52.2 Convex combinations
A convex combination of elements \(x_0, x_1, \dots, x_p \in \reals^n\) is a linear combination \(\sum_{i=0}^p λ_i x_i\) where the coefficients \(λ_i\) are non-negative and add to one. In case of two elements, convex combinations can be equivalently expressed as \((1-λ)x_0 + λx_1\) with \(λ \in [0,1]\), which we have already seen. The next result shows that the definition of convexity in terms of two elements given earlier generalizes to multiple elements.
Proposition 52.1 A set \(C \subset \reals^n\) is convex if and only if \(C\) contains all convex combinations of its elements.
A function \(f\) is convex relative to a convex set \(C\) if and only if for every choice of points \(x_0, \dots, x_p \in C\), we have: \[\begin{equation}\label{eq:Jensen-inequality} f\biggl( \sum_{i=0}^p λ_i x_i \biggr) \le \sum_{i=0}^p λ_i f(x_i) \quad \text{when } λ_i \ge 0, \sum_{i=0}^p λ_i = 1. \end{equation}\]
Inequality \eqref{eq:Jensen-inequality} is also call Jensen’s inequality.
In many applications, it is convenient to consider function \(f\) that are allowed to be extended-real-valued, i.e., take values in \(\bar \reals = [-∞, ∞]\) instead of just \(\reals = (-∞, ∞)\). The extended real line has all the properties of a compact interval: every subset \(A \subset \bar \reals\) has a supremum and an infimum, either of which could be infinite.
When extending arithmetic operations to the extended real line, most rules extend in a natural manner but we have to be careful with two operations: \(0 ⋅ ∞\) and \(∞ - ∞\). We will define \[ 0 ⋅ ∞ = 0 = 0 ⋅ (-∞). \]

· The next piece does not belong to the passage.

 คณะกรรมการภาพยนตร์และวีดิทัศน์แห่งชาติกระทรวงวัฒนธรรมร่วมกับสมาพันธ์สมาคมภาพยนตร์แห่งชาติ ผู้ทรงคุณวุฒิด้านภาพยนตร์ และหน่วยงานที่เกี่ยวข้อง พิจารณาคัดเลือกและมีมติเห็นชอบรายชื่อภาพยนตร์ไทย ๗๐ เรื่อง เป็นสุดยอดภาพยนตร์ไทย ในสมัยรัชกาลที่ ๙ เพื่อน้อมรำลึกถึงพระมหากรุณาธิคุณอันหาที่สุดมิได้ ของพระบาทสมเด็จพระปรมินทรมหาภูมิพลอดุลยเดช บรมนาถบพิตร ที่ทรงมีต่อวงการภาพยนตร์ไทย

For convexity, one follows the inf-addition convention: \[ ∞ + (-∞) = (-∞) + ∞ = ∞. \]
Extended arithematic then obeys the associative, commutative, and distributive laws of ordinary arithematic with one crucial exception: \[ λ ⋅ (∞ - ∞) \neq (λ ⋅ ∞ - λ ⋅ ∞) \quad \text{when } λ < 0. \]
The definition of convex functions can be generalized to function defined over the extended real line as long as we invoke the inf-addition convention.
Any convex function \(f\) on a convex set \(C \in \reals^n\) can be identified with a convex function on all of \(\reals^n\) by defining \(f(x) = ∞\) for all \(x \not\in C\). Such functions are called proper convex functions (in contrast to improper convex functions which take the value \(f(x) = -∞\) for all \(x \in \text{int}(\text{dom} f)\).
52.3 Properties of convex function
Proposition 52.2 Let \(I\) be an index set. Then:
- Intersection of convex functions is convex: 
 \(\bigcap_{i \in I} C_i\) is convex if each set \(C_i\) is convex.
- Supremum of convex functions is convex: 
 \(\sup_{i \in I} f_i\) is convex if each function \(f_i\) is convex.
- Supremum of finite number of strictly convex functions is strictly convex: 
 \(\sup_{i \in I} f_i\) is strictly convex if each function \(f_i\) is strictly convex and \(I\) is finite.
- Pointwise supremum of a collection of convex functions is convex: 
 \(f\) is convex if \(f(x) = \lim\sup_{i \in I} f_i(x)\) for all \(x\) and each \(f_i\) is convex.
The next result presents equivalent characterizations of convexity.
Proposition 52.3 For a differentiable function \(f\) on an open convex set \(O \subset \reals^n\), each of the following is both necessary and sufficient for \(f\) to be convex on \(O\):
- \(\langle x_1 - x_0, \GRAD f(x_1) - \GRAD f(x_0) \rangle \ge 0\) for all \(x_0, x_1 \in O\). 
- \(f(y) \ge f(x) + \langle \GRAD f(x), y - x \rangle\) for all \(x, y \in O\). 
- \(\GRAD^2 f(x)\) is pointwise-semidefinite for all \(x \in O\) (\(f\) twice differentiable). 
Notes
The material of these notes is adapted from Rockafellar and Wets (2009).